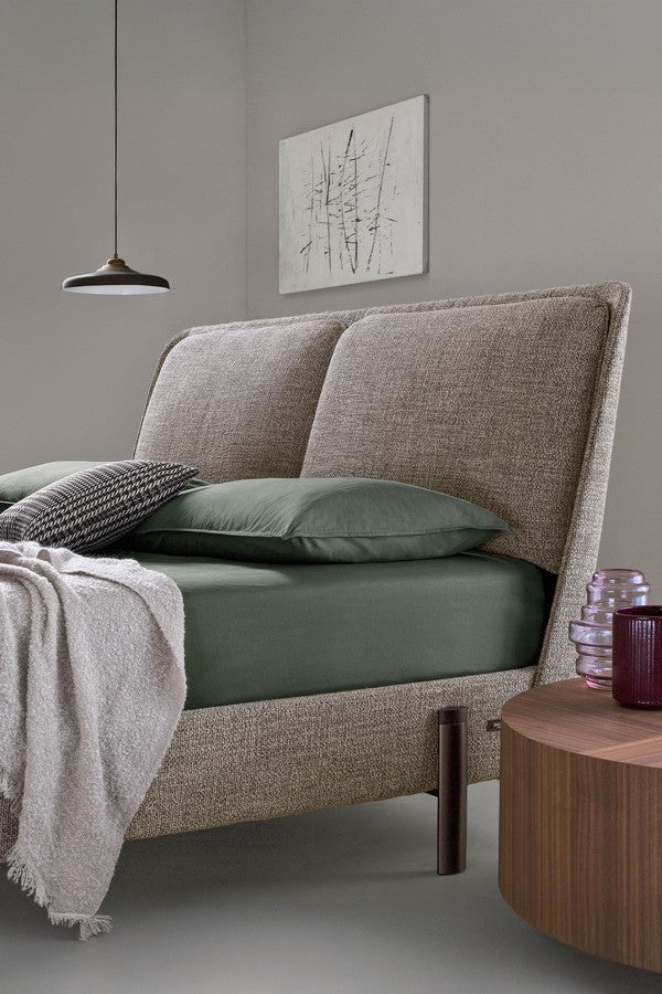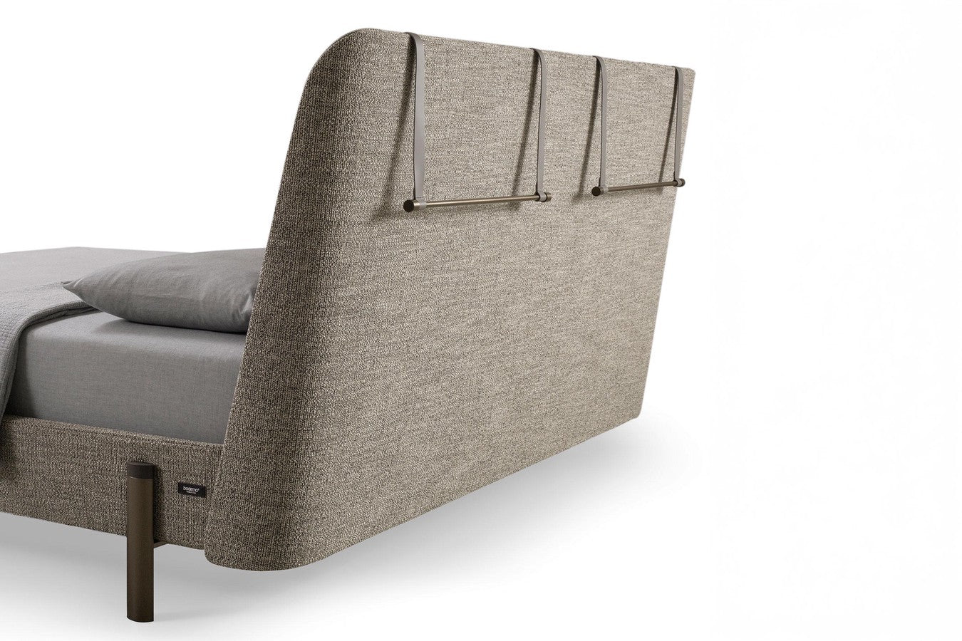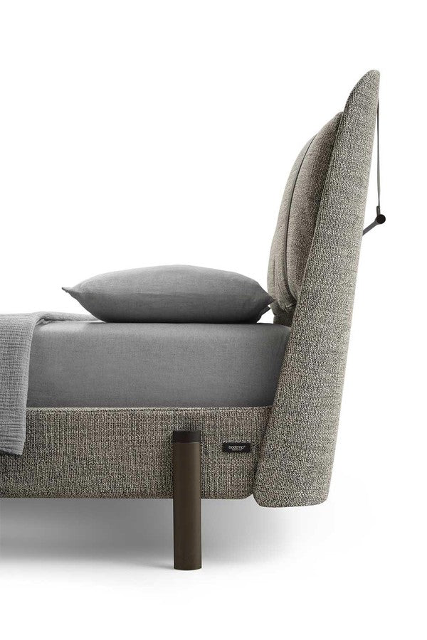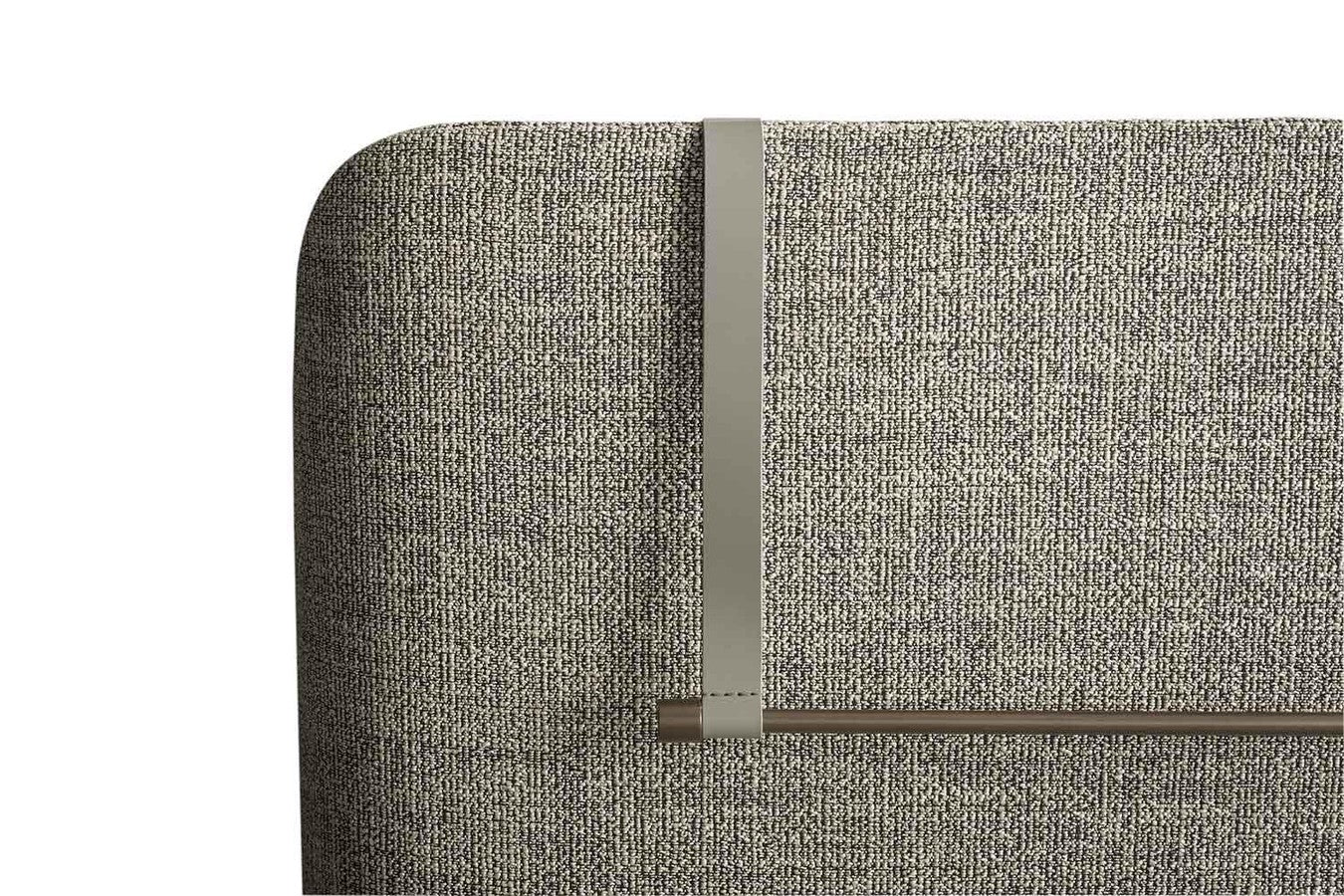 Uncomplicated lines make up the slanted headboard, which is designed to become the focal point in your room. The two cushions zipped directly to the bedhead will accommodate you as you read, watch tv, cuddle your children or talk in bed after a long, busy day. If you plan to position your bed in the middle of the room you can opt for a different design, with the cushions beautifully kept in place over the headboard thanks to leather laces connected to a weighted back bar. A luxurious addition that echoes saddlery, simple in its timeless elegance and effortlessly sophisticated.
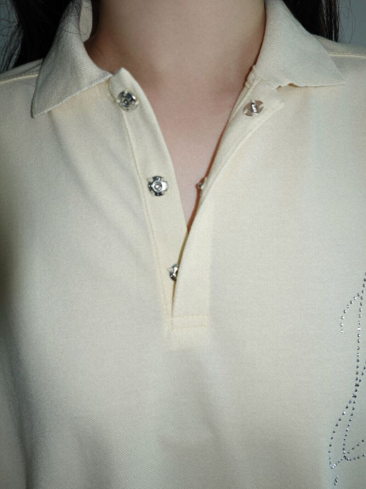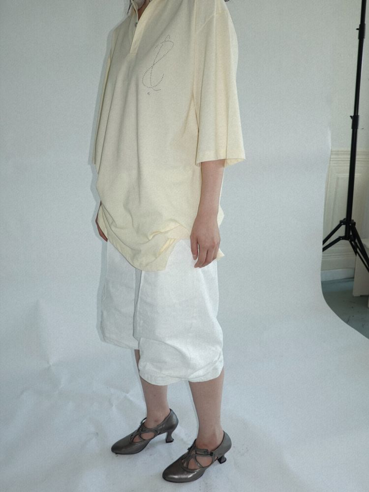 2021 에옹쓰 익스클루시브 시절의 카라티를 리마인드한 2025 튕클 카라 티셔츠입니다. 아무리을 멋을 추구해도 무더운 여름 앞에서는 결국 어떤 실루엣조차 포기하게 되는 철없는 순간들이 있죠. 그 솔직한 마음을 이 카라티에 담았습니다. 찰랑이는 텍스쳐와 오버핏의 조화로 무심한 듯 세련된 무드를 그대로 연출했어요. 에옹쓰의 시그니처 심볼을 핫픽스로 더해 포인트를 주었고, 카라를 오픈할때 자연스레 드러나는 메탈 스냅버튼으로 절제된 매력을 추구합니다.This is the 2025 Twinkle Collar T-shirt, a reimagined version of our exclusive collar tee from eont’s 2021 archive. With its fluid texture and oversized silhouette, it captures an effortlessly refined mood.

━━━

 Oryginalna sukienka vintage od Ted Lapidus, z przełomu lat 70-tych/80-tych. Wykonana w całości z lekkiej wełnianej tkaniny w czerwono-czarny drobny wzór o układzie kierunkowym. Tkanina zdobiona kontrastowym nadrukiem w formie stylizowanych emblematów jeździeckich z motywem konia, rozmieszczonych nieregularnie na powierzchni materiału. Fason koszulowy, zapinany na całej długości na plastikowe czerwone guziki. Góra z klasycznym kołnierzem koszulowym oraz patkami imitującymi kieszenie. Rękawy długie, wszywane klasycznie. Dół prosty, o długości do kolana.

━━━

→ Work to complete: Your reply should consist solely of the lines above from the line containing "Uncomplicated lines make" up to and including the line containing "2021 에옹쓰 익스클루시브", reproduced exactly, minus the pictures.

→ Task solution:
 Uncomplicated lines make up the slanted headboard, which is designed to become the focal point in your room. The two cushions zipped directly to the bedhead will accommodate you as you read, watch tv, cuddle your children or talk in bed after a long, busy day. If you plan to position your bed in the middle of the room you can opt for a different design, with the cushions beautifully kept in place over the headboard thanks to leather laces connected to a weighted back bar. A luxurious addition that echoes saddlery, simple in its timeless elegance and effortlessly sophisticated.
 2021 에옹쓰 익스클루시브 시절의 카라티를 리마인드한 2025 튕클 카라 티셔츠입니다. 아무리을 멋을 추구해도 무더운 여름 앞에서는 결국 어떤 실루엣조차 포기하게 되는 철없는 순간들이 있죠. 그 솔직한 마음을 이 카라티에 담았습니다. 찰랑이는 텍스쳐와 오버핏의 조화로 무심한 듯 세련된 무드를 그대로 연출했어요. 에옹쓰의 시그니처 심볼을 핫픽스로 더해 포인트를 주었고, 카라를 오픈할때 자연스레 드러나는 메탈 스냅버튼으로 절제된 매력을 추구합니다.This is the 2025 Twinkle Collar T-shirt, a reimagined version of our exclusive collar tee from eont’s 2021 archive. With its fluid texture and oversized silhouette, it captures an effortlessly refined mood.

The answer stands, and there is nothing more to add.